Opennebula scheduler keeps dying, one4.8

I have an OpenNebula 4.8 installation that has been stable since June of 2015.
Over the last few months I have seen that the /usr/bin/mm_sched tends to hang. The symptoms
are that after a certain time there are no entries in the sched.log and new vms that are submitted
are just stuck in pending state. There are no core dumps and the mm_sched daemon keeps running, it
just does not do anything until I restart the opennebula service, which restarts oned and the mm_sched.

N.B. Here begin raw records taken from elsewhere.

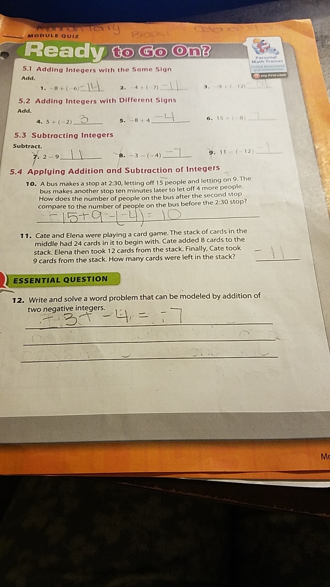8) -3 - (-4)= 1 because you owe 3 friends cookies, then you get 4 cookies and have one left over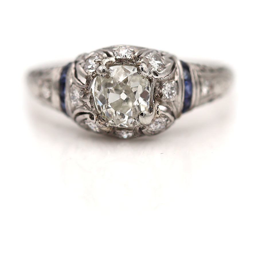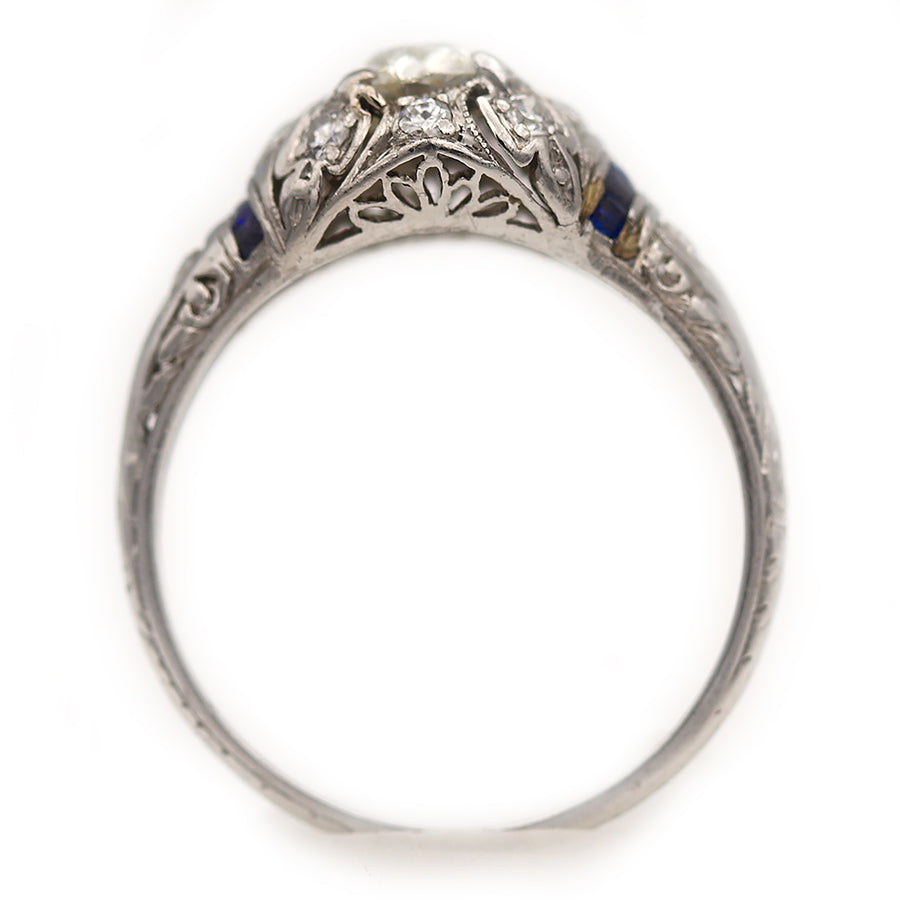 The Peterson ring is an authentic vintage engagement ring from the Art Deco era, circa 1930s. This elegant ring features a center old mine cut diamond (weighing .60 carat with L color and VS2 clarity), flanked by ten (10) synthetic square cut sapphires and ten (10) single cut diamond accents. Beautifully crafted in platinum, and accentuated with delicate open metal work. A sweet Art Deco beauty, in good condition.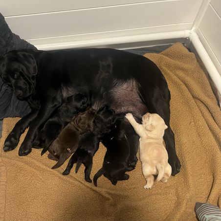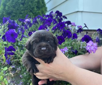 Our puppies include black, chocolate, and yellow. Colors will vary depending on the parent dogs.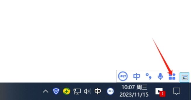 2、那么之后你想要通过状态栏进行设置内容的时候,用鼠标点击电脑桌面是无法显示状态栏的,我们需要在右下角的任务栏中,将输入法切换为【讯飞输入法】。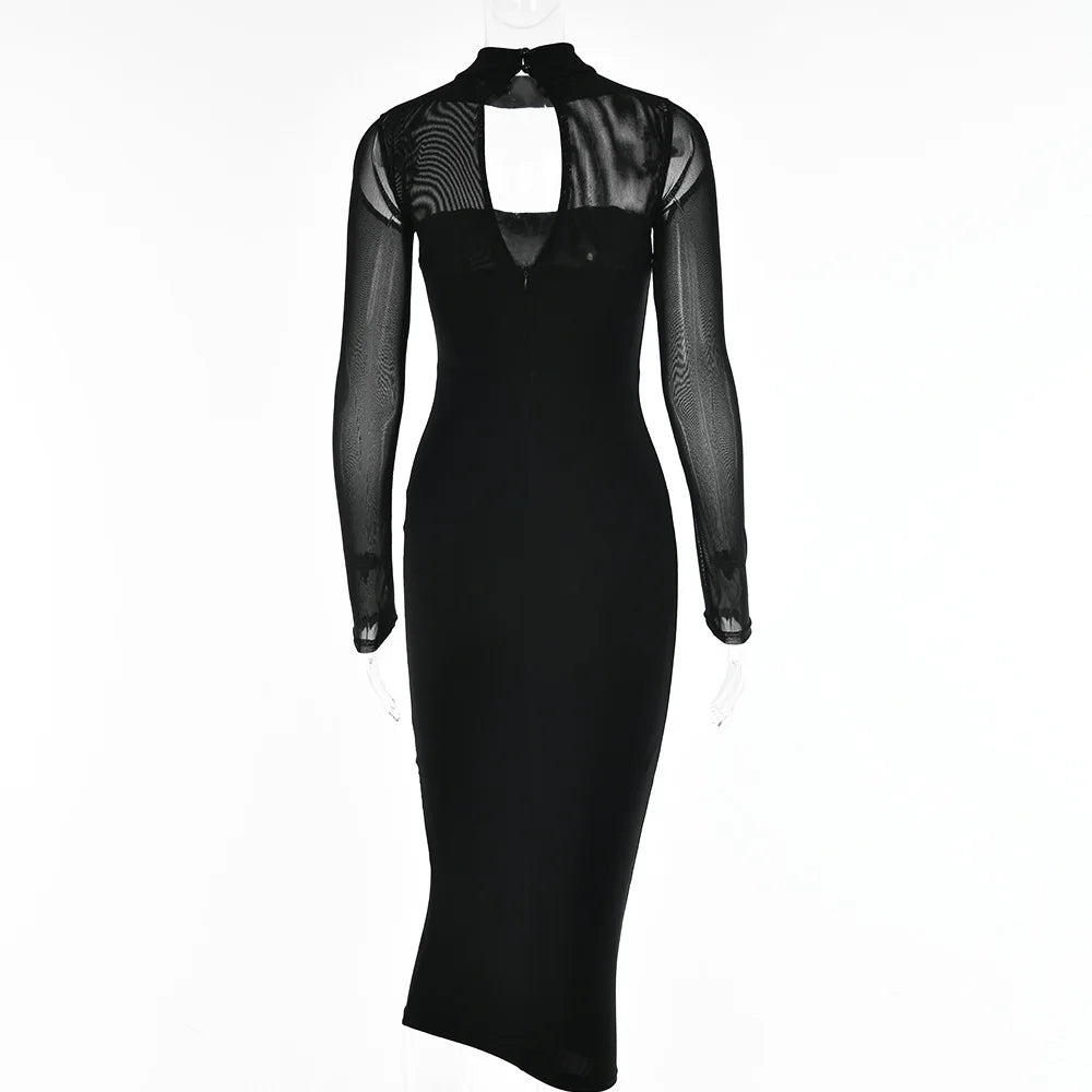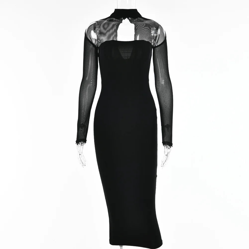 Korset Midi-jurk Met Lange Mouwen – Y2K Elegantie in een Tijdloos Silhouet

Has anyone seen this behavior before? I thought this could be due to large numbers of vms
being launched by the econe-server interface but I have also seen it happen when there was no
big load on the system. Also, it tends to happen overnight.

Probably you are being hit by this one:

http://dev.opennebula.org/issues/3390

which also has its “overnight” version http://dev.opennebula.org/issues/4284
:wink:

It seems related to an issue with the xmlrpc client, we have re-written the
client logic to use the advance functionality to prevent this bug. This is
not an easy back port so I am not sure if it will be in 4.x branch in the
short-term.

Meanwhile, note that the scheduler is totally stateless and you can restart
the process in a cron-like job.

Hi Ruben
Yes, I checked my oned logs and I see the same key message

Tue May 17 03:30:55 2016 [Z0][InM][E]: Information driver crashed, recovering…

at about the time the mm_sched stopped functioning. so I think it is fair to say that we are dealing with exactly the same issue here. Thanks for the explanation. when do we expect the 5.0 beta to be ready?

Steve Timm

hopefully tomorrow

1 Like

One other thing on this: I back-checked my logs for "Information driver crashed, recovering"
and found that in almost all cases it was happening at the bottom of the hour, at the the time when
my hourly mysqldb backup is happening, and it is not uncommon for various operations to take a little while during that tuime.